So you’re starting a business and it’s time to create a logo that will represent your product or service. Piece of cake, right? You can pick your favorite color, the most obvious symbol for your industry, or make it look like a variation of a logo that you saw and liked. Not so fast! This can be the first reaction of most when getting to this step in launching your brand. However, I urge you to answer the following questions before deciding on a logo.

What color creates the emotion that your target audience should feel when considering your product or service?
I know what you’re thinking. “You’re telling me that the color of my logo can make someone feel a certain way?” Yes! There have been many studies on how colors can impact the emotion of a viewer. Yellow can make someone feel excited, happy, or even create urgency. Green, however, can be more relaxing, trustworthy, or make the client think “organic.”  You can read more on color theory here.

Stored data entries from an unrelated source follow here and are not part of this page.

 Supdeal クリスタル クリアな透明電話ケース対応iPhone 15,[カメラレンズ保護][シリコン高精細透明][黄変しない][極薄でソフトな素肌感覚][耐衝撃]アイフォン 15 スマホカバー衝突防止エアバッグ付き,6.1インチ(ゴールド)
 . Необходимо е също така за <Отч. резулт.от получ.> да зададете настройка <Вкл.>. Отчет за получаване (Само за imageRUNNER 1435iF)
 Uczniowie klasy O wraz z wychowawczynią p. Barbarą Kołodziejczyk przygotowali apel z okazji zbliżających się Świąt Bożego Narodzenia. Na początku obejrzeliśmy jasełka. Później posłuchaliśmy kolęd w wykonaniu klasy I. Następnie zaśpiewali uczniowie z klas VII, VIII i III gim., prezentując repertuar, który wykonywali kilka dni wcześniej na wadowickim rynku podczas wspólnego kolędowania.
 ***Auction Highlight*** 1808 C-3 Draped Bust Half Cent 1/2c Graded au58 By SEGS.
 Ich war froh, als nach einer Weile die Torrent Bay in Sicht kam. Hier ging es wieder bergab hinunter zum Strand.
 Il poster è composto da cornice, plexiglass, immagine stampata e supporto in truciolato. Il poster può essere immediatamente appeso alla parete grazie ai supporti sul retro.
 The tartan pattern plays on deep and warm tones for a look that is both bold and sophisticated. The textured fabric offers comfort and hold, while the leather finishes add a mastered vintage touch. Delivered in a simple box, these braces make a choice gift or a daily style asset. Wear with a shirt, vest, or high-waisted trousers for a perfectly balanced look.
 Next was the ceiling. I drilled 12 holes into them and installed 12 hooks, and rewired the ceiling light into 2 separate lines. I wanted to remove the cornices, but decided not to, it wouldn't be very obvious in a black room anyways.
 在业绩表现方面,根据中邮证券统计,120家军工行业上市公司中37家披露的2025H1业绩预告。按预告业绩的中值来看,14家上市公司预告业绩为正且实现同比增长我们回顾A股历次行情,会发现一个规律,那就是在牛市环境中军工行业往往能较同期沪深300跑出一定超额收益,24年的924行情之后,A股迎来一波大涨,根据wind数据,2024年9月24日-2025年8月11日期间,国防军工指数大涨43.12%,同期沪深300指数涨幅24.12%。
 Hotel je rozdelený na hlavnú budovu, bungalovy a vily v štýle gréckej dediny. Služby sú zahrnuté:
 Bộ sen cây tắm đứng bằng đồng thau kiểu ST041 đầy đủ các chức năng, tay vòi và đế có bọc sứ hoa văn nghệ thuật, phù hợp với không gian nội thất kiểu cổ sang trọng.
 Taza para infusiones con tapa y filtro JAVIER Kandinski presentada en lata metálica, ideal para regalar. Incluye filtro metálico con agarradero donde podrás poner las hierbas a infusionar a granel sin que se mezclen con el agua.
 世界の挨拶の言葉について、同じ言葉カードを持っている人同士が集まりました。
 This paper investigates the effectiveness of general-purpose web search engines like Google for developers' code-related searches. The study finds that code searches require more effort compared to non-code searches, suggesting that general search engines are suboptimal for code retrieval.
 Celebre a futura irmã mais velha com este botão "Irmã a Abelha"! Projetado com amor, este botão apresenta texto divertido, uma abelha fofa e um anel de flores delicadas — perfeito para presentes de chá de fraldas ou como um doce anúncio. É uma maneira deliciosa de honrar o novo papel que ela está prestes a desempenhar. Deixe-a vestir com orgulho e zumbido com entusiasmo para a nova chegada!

Is your brand something that can be represented by a symbol or graphic?
We all want to have a logo that someone sees and says, “WOW! I wish I had thought of that.” The goal is not to create something that looks “cool,” but something that makes sense. Sometimes a business is best described by the company name and might be too complicated or unfamiliar to be summed up by an illustration. Some of the most clear and well know brands use text as their logo. The point is, pick what works best for your business.

What is the main application of your logo?
Some logos will only be used on business cards and at the top of a website, while others may be printed on a product, container, etc. Some things to consider when choosing the right logo is the best orientation (horizontal or vertical,) brightness (light text or dark), shape, and size, that best suites the medium that will be used most often. I recommend getting multiple version and layouts of your main logo designed in the beginning in case the need ever arises down road.


The main thing to keep in mind is that you are picking a logo that makes sense to potential clients, not you. I would do a “street test” and ask people that don’t know about your brand, how they would illustrate or describe your product or service. Take those suggestions into consideration when brainstorming your brand.

You also want to make sure that you have an enjoyable experience during the creation process by selecting the right designer. Ask them about their creative process, inform them about your industry, and agree upon the number of revisions allowed before commissioning any work. Last, but not least, INVEST. I know there are some extremely cheap options out there, but it’s true in this case, that you get what you pay for. If you want a unique and well-designed logo, it’s going to cost more than $10!